Exercise goal:
Wherever a picture sits, omit it. Output the rest of the listing exactly.

Supplied data:
________________________
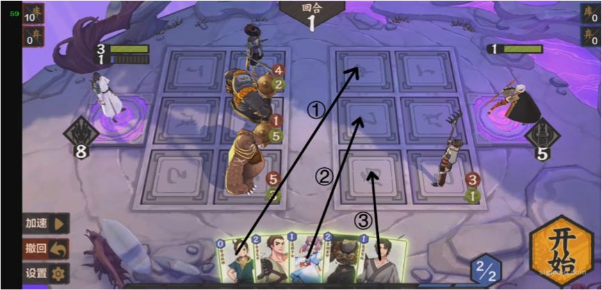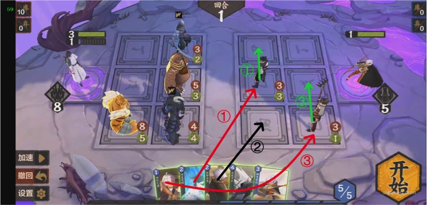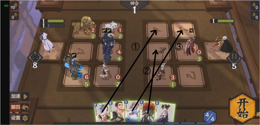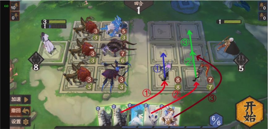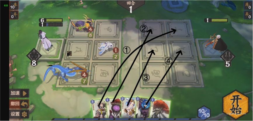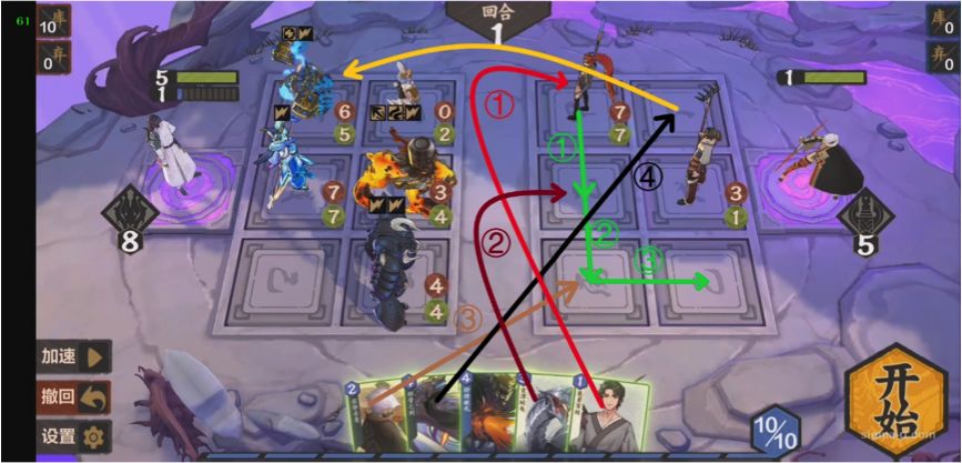 通过观察可以发现,这一个残卷我们是不可能打到对手脸上的,不过由于对手场上有三个食人树让对面慢性死亡,所以这一句负责让自己的英雄和对手的食人树苟住就赢了,对手的狻猊能让正面生物变成(X1Z),己方战神(488)存活时间短,所以要用后排的武者移到上路,为了利用战神,需要让他去中路防守。为抵御蜘蛛,需要武士正面碰,后排需要俩杀不死食人树的将武者顶上去,位置任意,解法(其一)如下:
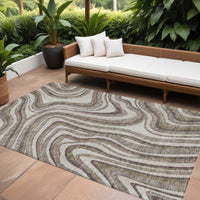 This 9-foot x 12-foot brown ivory and taupe abstract washable indoor outdoor area rug, is a great way to add warmth to a room. This rectangle shaped rug features a abstract design that will work well both indoors or out. A classic shape marries with good looking design for your living room, hall, bedroom, porch, patio, or poolside. Ideal for outdoor spaces or high traffic areas with kids and pets, this rug is made from heavy duty polyester that is stain resistant to help repel water, dirt, and stains. Versatile in use, durable, and easy to maintain, this rug is an ideal solution to add a decorative and inviting touch to your indoor or outdoor space. 108-inch h x 144-inch w x 0.19-inch d.
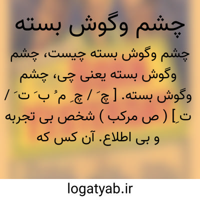 چشم وگوش بسته. [ چ َ / چ ِ م ُ ب َ ت َ / ت ِ] ( ص مرکب ) شخص بی تجربه و بی اطلاع. آن کس که سرد و گرم روزگار نچشیده و از حقایق امور سر در نیاورده است. نظیر کور و کر در تداول عامه. مقابل چشم وگوش باز.
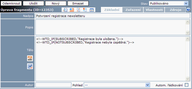 | 13. 8. 2009, 11:56 | 639 × 297 (33 KB) | Bajkvl (diskuse | příspěvky) | Category:WebToDate 4.1 Rozesílání e-mailem Rozesílání e-mailem - úprava fragmentu |
________________________
Answer to this problem:
 通过观察可以发现,这一个残卷我们是不可能打到对手脸上的,不过由于对手场上有三个食人树让对面慢性死亡,所以这一句负责让自己的英雄和对手的食人树苟住就赢了,对手的狻猊能让正面生物变成(X1Z),己方战神(488)存活时间短,所以要用后排的武者移到上路,为了利用战神,需要让他去中路防守。为抵御蜘蛛,需要武士正面碰,后排需要俩杀不死食人树的将武者顶上去,位置任意,解法(其一)如下:
 This 9-foot x 12-foot brown ivory and taupe abstract washable indoor outdoor area rug, is a great way to add warmth to a room. This rectangle shaped rug features a abstract design that will work well both indoors or out. A classic shape marries with good looking design for your living room, hall, bedroom, porch, patio, or poolside. Ideal for outdoor spaces or high traffic areas with kids and pets, this rug is made from heavy duty polyester that is stain resistant to help repel water, dirt, and stains. Versatile in use, durable, and easy to maintain, this rug is an ideal solution to add a decorative and inviting touch to your indoor or outdoor space. 108-inch h x 144-inch w x 0.19-inch d.
 چشم وگوش بسته. [ چ َ / چ ِ م ُ ب َ ت َ / ت ِ] ( ص مرکب ) شخص بی تجربه و بی اطلاع. آن کس که سرد و گرم روزگار نچشیده و از حقایق امور سر در نیاورده است. نظیر کور و کر در تداول عامه. مقابل چشم وگوش باز.
 | 13. 8. 2009, 11:56 | 639 × 297 (33 KB) | Bajkvl (diskuse | příspěvky) | Category:WebToDate 4.1 Rozesílání e-mailem Rozesílání e-mailem - úprava fragmentu |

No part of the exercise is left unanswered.